New Jersey’s governor, Philip D. Murphy, said on Twitter that he would visit the scene to meet with local officials and emergency responders.

Newark: Cars catch fire at a garage

Travelers coming and going from the Newark airport were greeted by a thick cloud of smoke billowing from the top level of a parking garage on Thursday morning.

Seventeen cars were damaged or destroyed when a fire broke out around 6:40 a.m. on the rooftop of a parking deck at the airport’s Terminal C, according to Steve Coleman, a spokesman for the Port Authority of New York and New Jersey, which operates the airport.

Video from television news helicopters showed firefighters trying to extinguish the flames, but the fire did not appear to spread.
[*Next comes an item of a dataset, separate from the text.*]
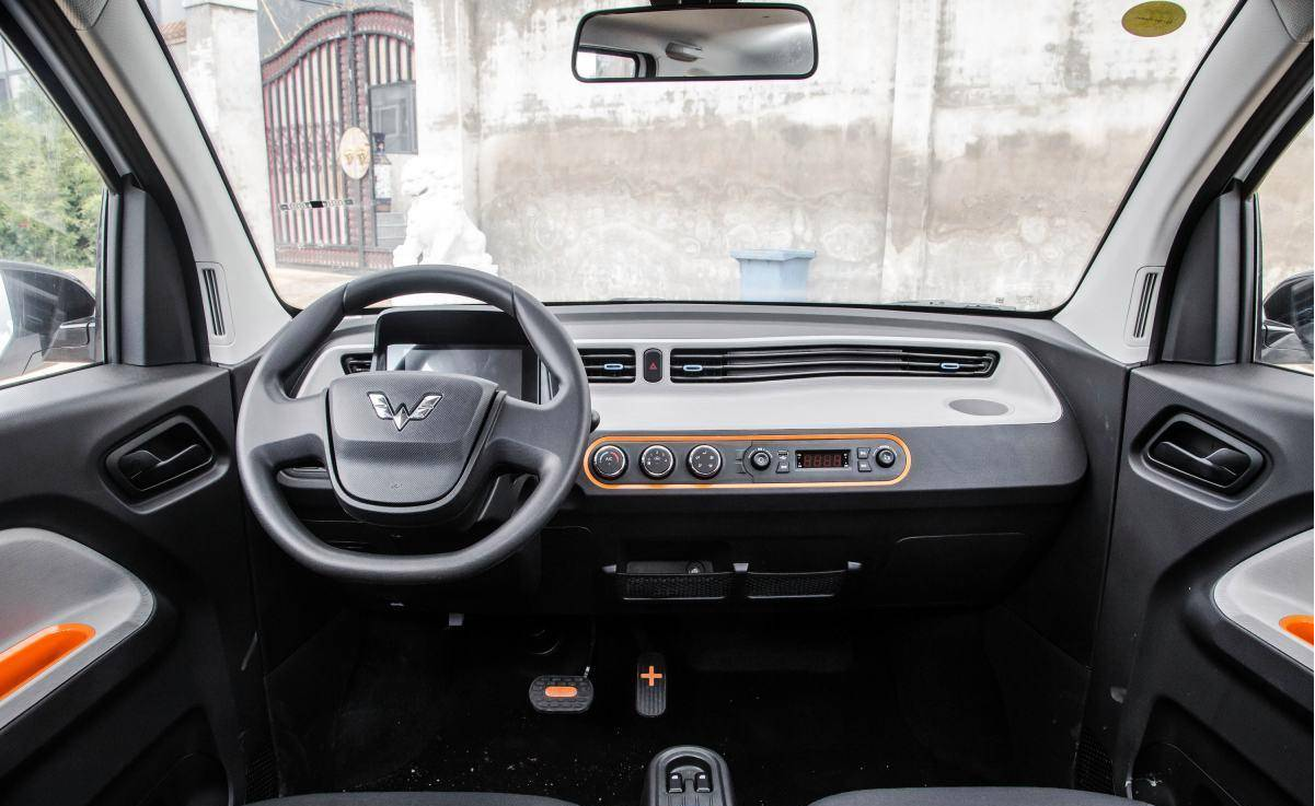 来到内饰方面,五菱宏光MINIEV采用了极简主义的设计风格,布局合理,操作清晰。中控台采用7英寸液晶屏幕,多媒体提供种类丰富的系统功能。同时座椅也采用了高质量的皮革材料,包裹感也相当不错。

The fire was mostly under control by 7:40 a.m., Mr. Coleman said, but emergency responders from the Newark Fire Department were still at the parking garage fighting hot spots.
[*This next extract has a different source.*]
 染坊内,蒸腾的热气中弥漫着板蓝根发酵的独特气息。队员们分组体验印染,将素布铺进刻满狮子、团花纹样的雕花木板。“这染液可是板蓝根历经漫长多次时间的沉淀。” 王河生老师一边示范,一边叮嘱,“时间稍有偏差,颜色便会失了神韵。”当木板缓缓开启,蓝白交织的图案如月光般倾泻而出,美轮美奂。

The fire did not cause any airport delays, Mr. Coleman said. The parking deck at Terminal C, which exclusively serves travelers flying on United Airlines, was closed.

Brooklyn: A five-alarm warehouse fire

Temperatures were close to zero when firefighters got the call around 3:45 a.m. Thursday about a fire at a Brooklyn warehouse.

Given the weather, firefighters tried to fight the flames from inside the building, Fire Department officials said. But they were later pulled from the building for safety reasons, forcing them outside in the bitter cold.

Nearly 200 firefighters and emergency medical personnel responded to the blaze, the Fire Department said.

Buses were brought in to help keep firefighters warm, ABC 7 reported.

The fire was under control by 10:30 a.m. Photos posted on Twitter by the Fire Department showed icicles hanging off fire trucks and hydrants that were being used to get the fire under control.

The Fire Department said it anticipated that firefighters would remain at the site of the building for much of the day on Thursday.